§ Your instructions
From the line with "14:30 学校に着きました。子どもたちは疲れながらも頑張って歩きました。" to the line with "Cartoon Style White", retype each line exactly as it stands in the records below, but skip the pictures.

** Opening Available records block **

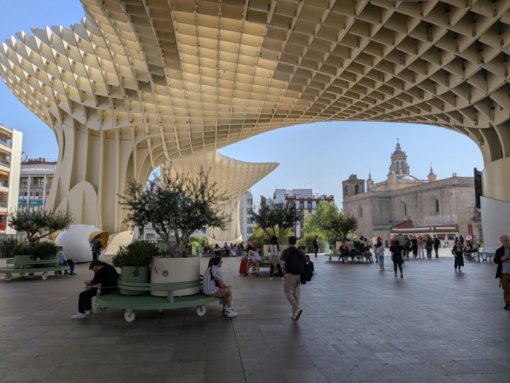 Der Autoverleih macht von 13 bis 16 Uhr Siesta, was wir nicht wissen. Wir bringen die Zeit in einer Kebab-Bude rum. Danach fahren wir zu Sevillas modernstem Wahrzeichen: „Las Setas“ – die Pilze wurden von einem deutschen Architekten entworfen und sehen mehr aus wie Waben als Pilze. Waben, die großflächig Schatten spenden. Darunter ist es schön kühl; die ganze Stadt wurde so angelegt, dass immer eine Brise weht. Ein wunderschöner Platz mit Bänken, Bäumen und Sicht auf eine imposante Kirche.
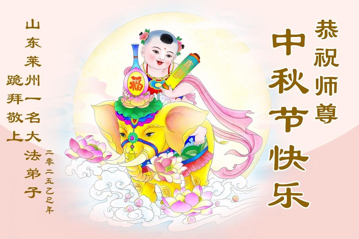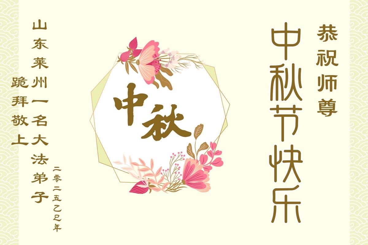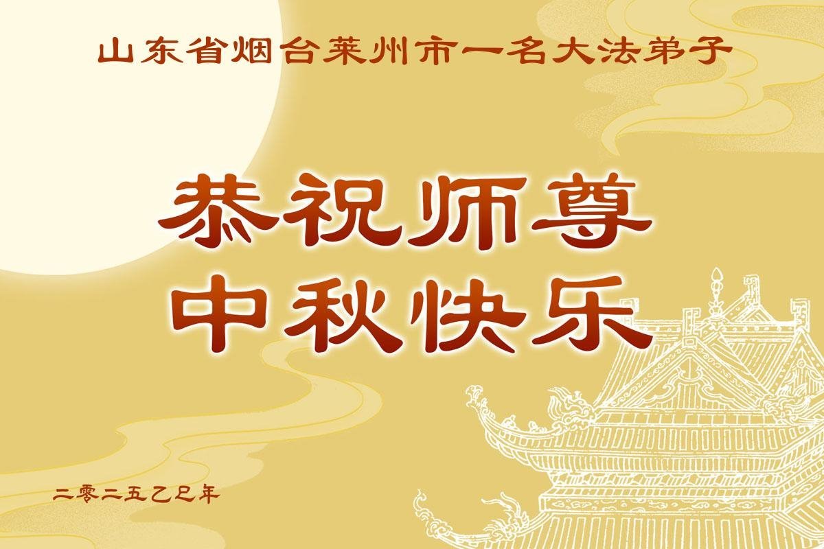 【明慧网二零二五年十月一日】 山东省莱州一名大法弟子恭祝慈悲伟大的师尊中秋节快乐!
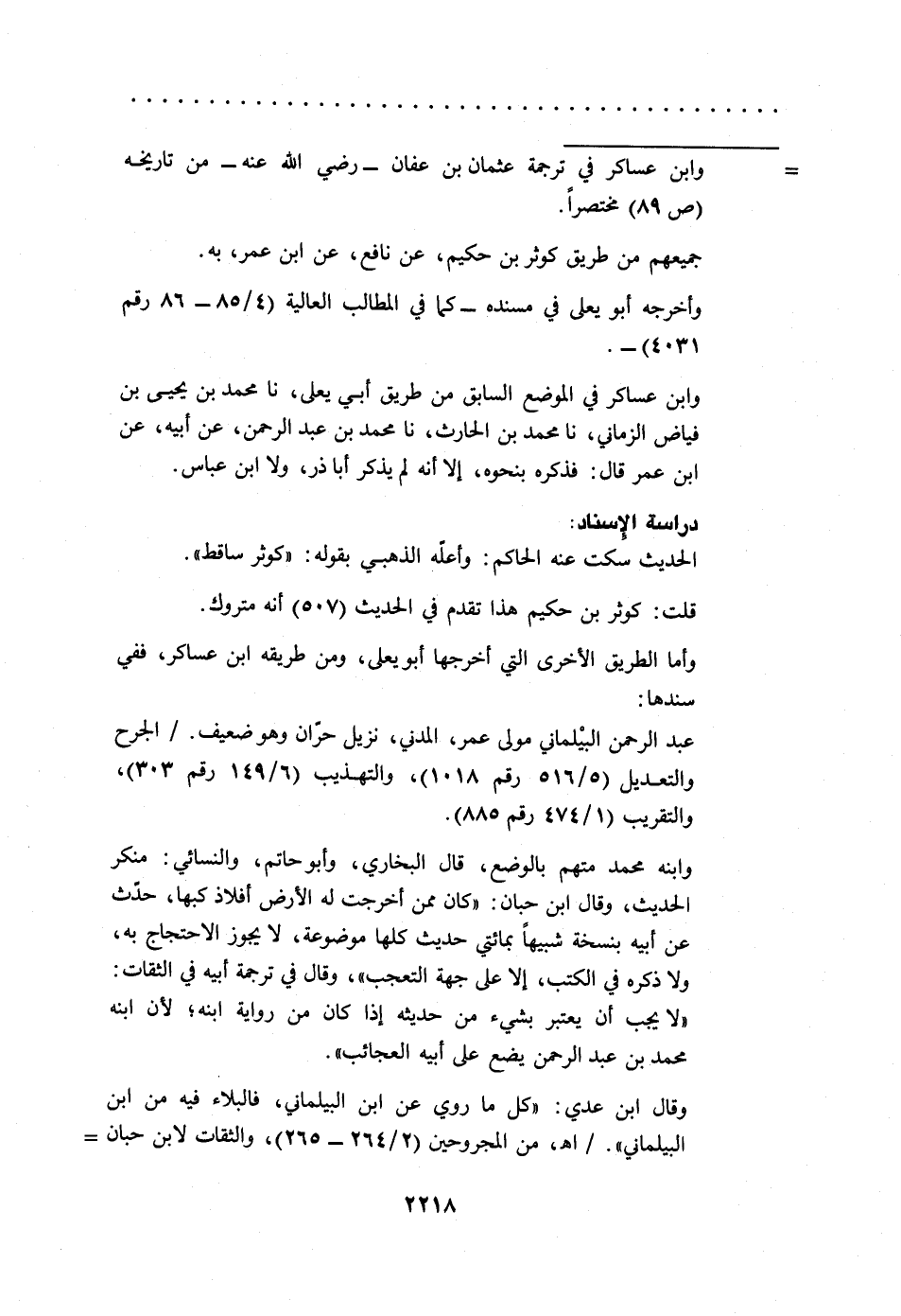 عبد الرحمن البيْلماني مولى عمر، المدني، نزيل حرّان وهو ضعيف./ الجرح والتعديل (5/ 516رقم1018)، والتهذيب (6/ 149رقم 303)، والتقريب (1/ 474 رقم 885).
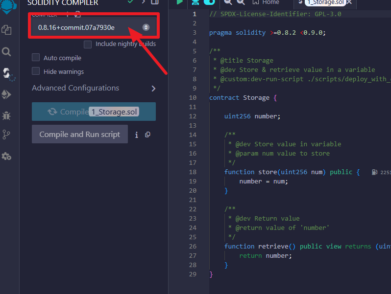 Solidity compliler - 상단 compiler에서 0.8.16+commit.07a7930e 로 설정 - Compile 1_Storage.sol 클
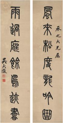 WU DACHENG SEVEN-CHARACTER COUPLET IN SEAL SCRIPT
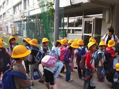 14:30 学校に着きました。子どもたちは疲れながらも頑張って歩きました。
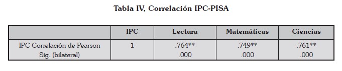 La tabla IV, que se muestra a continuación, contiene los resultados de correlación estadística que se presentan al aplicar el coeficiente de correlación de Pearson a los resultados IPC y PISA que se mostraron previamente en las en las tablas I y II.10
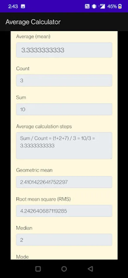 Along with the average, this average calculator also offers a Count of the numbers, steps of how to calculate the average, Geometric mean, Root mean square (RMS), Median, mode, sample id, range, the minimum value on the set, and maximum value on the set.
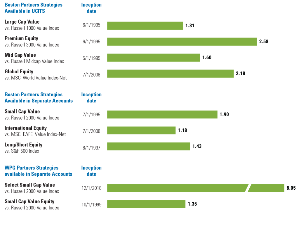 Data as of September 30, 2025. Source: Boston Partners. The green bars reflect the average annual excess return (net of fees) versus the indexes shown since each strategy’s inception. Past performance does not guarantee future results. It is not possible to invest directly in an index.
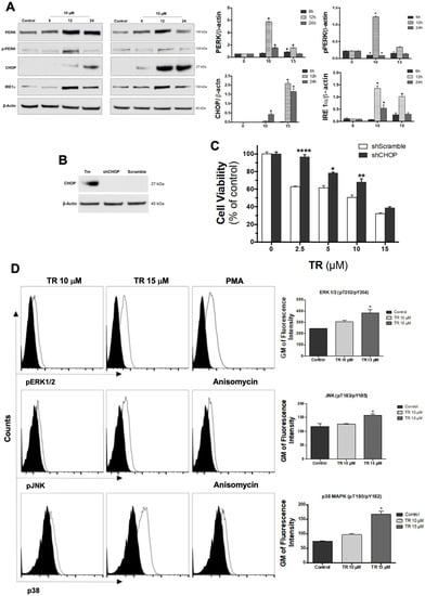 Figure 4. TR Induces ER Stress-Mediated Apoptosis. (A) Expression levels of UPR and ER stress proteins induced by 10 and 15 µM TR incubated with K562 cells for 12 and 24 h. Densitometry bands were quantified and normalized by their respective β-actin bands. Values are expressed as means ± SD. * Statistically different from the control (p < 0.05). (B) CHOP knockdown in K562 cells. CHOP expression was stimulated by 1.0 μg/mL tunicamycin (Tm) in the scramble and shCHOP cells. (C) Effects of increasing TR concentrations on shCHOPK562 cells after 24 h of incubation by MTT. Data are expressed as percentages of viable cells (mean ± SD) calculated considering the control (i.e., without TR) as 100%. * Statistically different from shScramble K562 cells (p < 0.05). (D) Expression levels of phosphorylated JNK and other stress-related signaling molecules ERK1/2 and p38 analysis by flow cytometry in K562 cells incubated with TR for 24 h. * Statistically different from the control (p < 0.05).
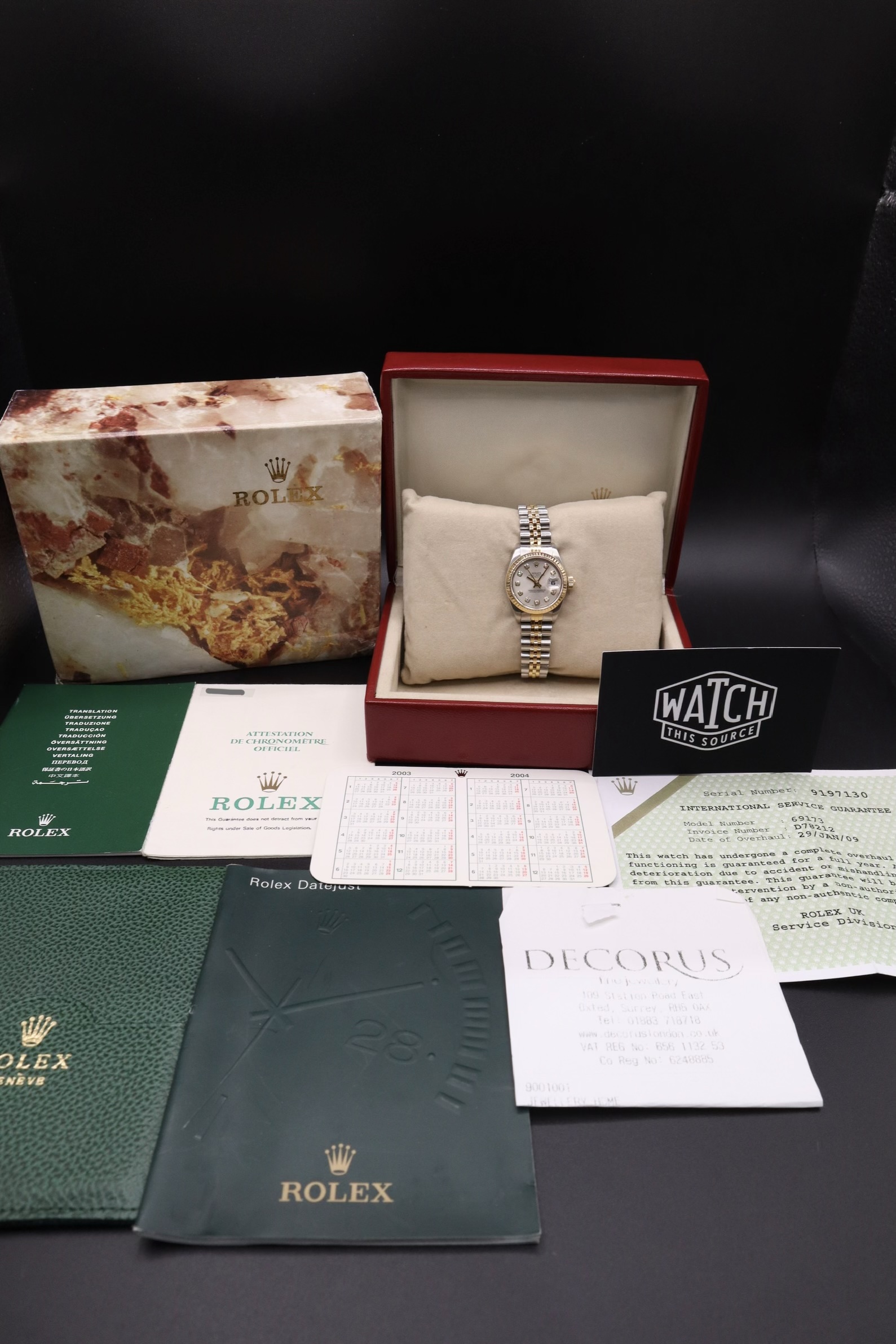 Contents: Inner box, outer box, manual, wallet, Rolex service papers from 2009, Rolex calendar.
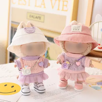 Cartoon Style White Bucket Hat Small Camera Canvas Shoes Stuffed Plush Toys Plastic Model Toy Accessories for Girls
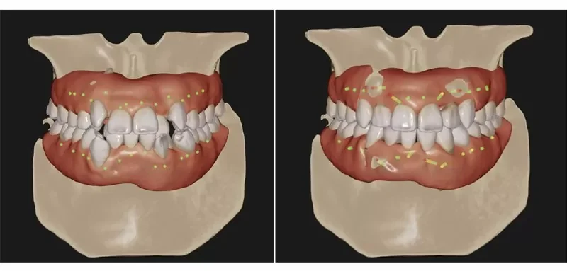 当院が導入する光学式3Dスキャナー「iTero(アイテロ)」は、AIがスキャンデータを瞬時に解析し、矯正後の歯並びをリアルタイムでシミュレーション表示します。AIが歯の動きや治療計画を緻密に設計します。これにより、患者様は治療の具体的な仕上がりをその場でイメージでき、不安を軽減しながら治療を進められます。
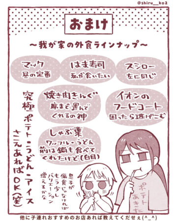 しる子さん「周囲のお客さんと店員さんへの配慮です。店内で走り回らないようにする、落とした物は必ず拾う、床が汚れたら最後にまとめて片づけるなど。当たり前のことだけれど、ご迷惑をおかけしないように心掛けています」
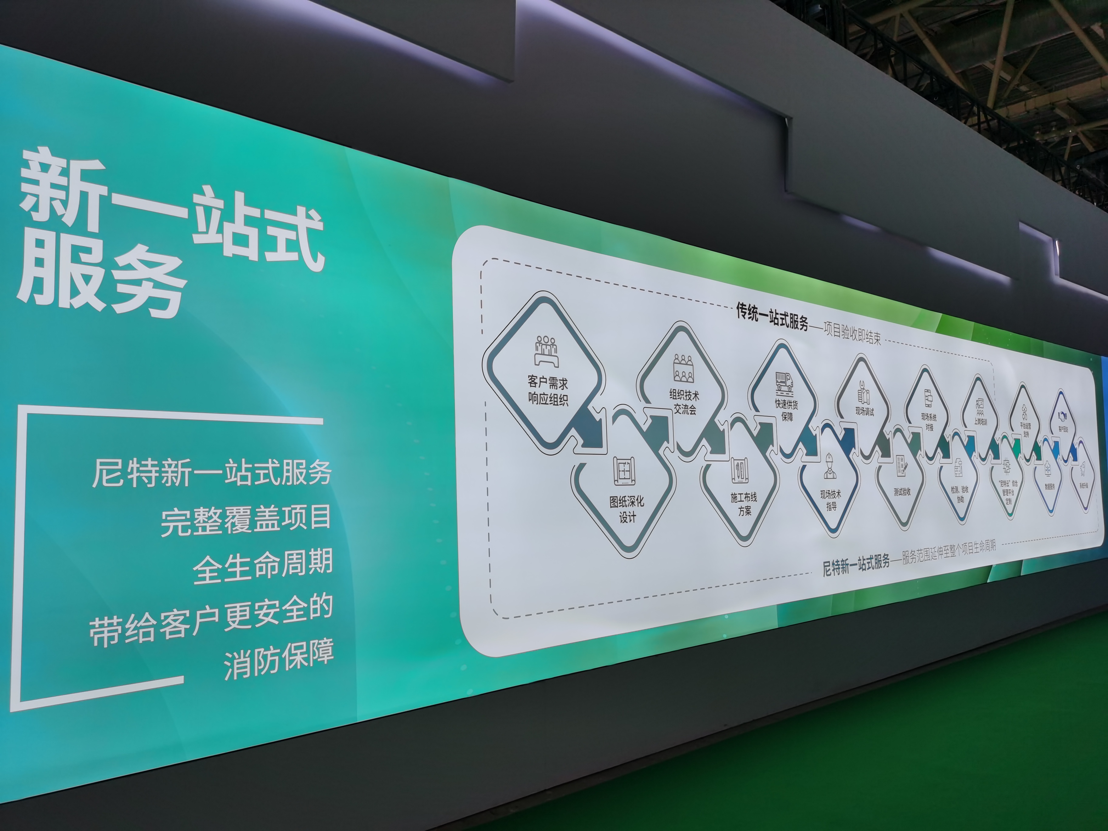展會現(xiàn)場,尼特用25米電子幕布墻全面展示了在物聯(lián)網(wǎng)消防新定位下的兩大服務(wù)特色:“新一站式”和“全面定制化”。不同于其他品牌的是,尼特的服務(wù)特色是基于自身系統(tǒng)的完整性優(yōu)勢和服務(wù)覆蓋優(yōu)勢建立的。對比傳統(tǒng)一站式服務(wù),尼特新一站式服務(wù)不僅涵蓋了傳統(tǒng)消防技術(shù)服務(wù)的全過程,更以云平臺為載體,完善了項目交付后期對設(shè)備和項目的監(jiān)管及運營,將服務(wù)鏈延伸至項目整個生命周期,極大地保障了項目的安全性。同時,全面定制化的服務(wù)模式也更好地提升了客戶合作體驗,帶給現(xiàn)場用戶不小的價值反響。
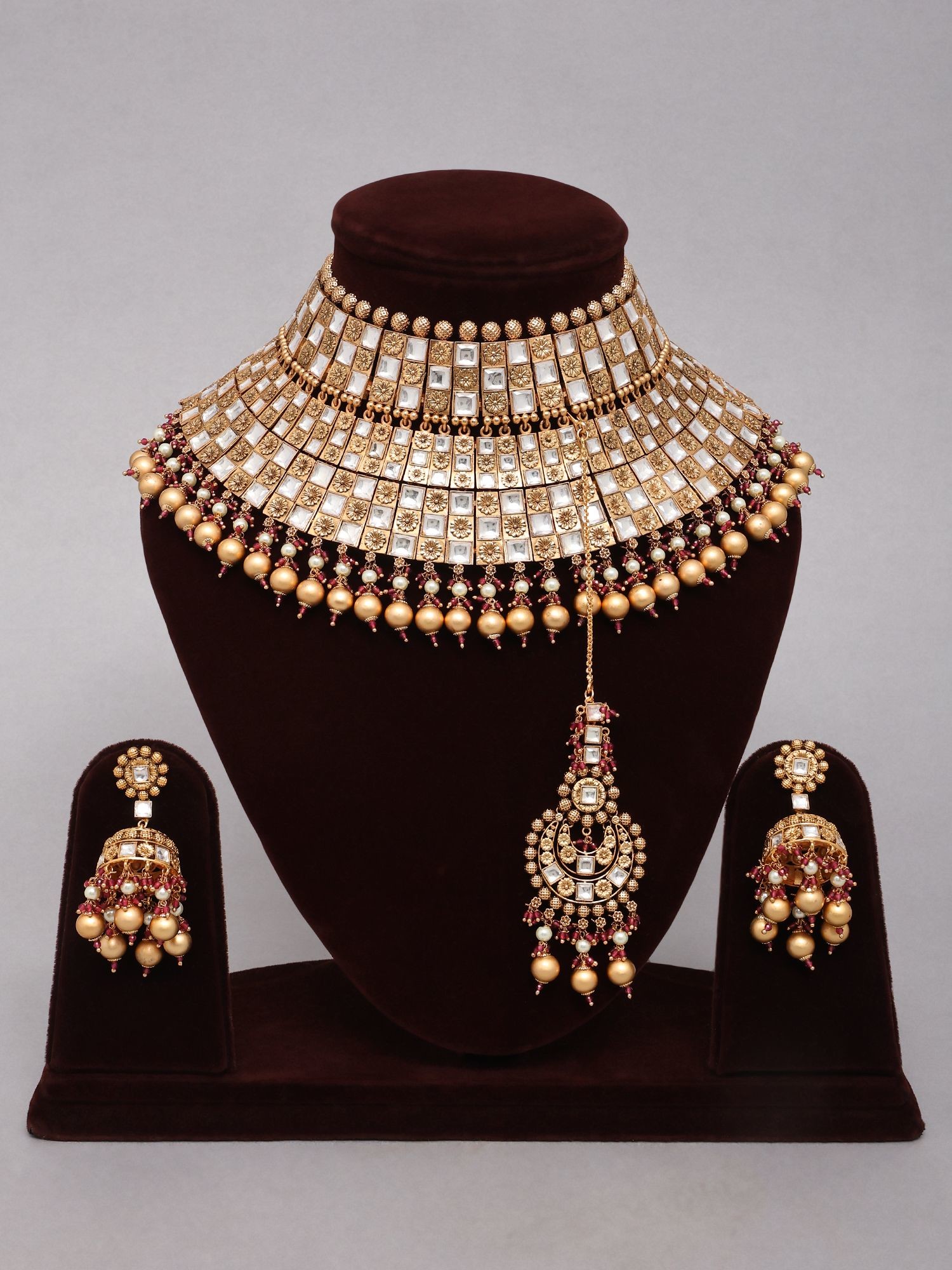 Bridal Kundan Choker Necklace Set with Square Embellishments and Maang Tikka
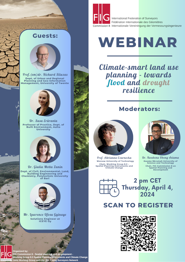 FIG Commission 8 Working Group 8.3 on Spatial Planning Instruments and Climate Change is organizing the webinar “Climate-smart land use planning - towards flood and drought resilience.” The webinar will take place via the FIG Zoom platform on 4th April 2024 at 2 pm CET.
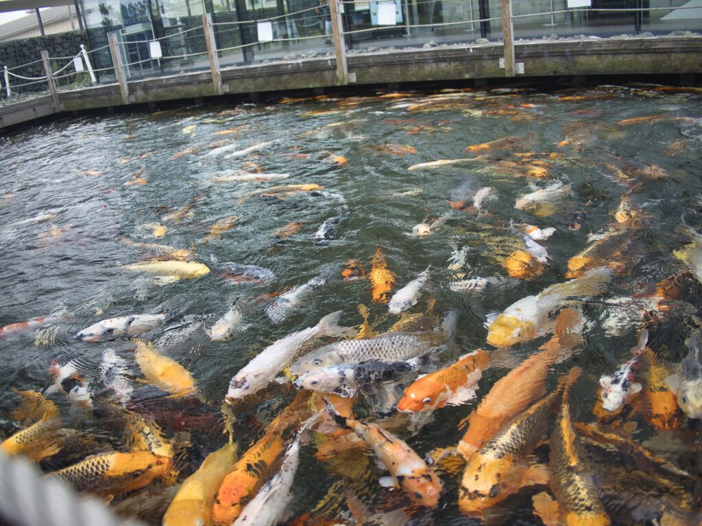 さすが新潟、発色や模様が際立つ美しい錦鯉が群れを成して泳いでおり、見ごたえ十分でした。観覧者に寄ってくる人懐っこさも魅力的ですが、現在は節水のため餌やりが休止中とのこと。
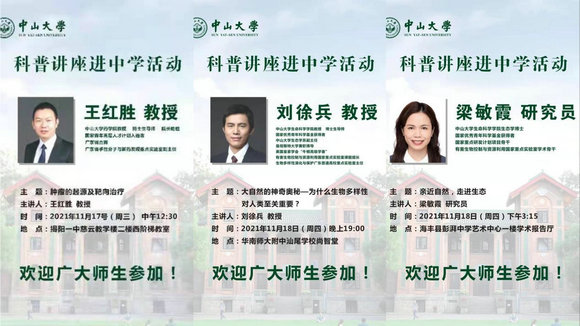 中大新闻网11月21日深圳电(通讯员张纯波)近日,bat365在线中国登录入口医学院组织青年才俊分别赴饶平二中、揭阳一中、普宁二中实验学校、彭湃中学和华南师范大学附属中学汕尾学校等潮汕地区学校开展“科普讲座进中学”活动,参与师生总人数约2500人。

** Closing Available records block **

§ Worked solution
 14:30 学校に着きました。子どもたちは疲れながらも頑張って歩きました。
 La tabla IV, que se muestra a continuación, contiene los resultados de correlación estadística que se presentan al aplicar el coeficiente de correlación de Pearson a los resultados IPC y PISA que se mostraron previamente en las en las tablas I y II.10
 Along with the average, this average calculator also offers a Count of the numbers, steps of how to calculate the average, Geometric mean, Root mean square (RMS), Median, mode, sample id, range, the minimum value on the set, and maximum value on the set.
 Data as of September 30, 2025. Source: Boston Partners. The green bars reflect the average annual excess return (net of fees) versus the indexes shown since each strategy’s inception. Past performance does not guarantee future results. It is not possible to invest directly in an index.
 Figure 4. TR Induces ER Stress-Mediated Apoptosis. (A) Expression levels of UPR and ER stress proteins induced by 10 and 15 µM TR incubated with K562 cells for 12 and 24 h. Densitometry bands were quantified and normalized by their respective β-actin bands. Values are expressed as means ± SD. * Statistically different from the control (p < 0.05). (B) CHOP knockdown in K562 cells. CHOP expression was stimulated by 1.0 μg/mL tunicamycin (Tm) in the scramble and shCHOP cells. (C) Effects of increasing TR concentrations on shCHOPK562 cells after 24 h of incubation by MTT. Data are expressed as percentages of viable cells (mean ± SD) calculated considering the control (i.e., without TR) as 100%. * Statistically different from shScramble K562 cells (p < 0.05). (D) Expression levels of phosphorylated JNK and other stress-related signaling molecules ERK1/2 and p38 analysis by flow cytometry in K562 cells incubated with TR for 24 h. * Statistically different from the control (p < 0.05).
 Contents: Inner box, outer box, manual, wallet, Rolex service papers from 2009, Rolex calendar.
 Cartoon Style White Bucket Hat Small Camera Canvas Shoes Stuffed Plush Toys Plastic Model Toy Accessories for Girls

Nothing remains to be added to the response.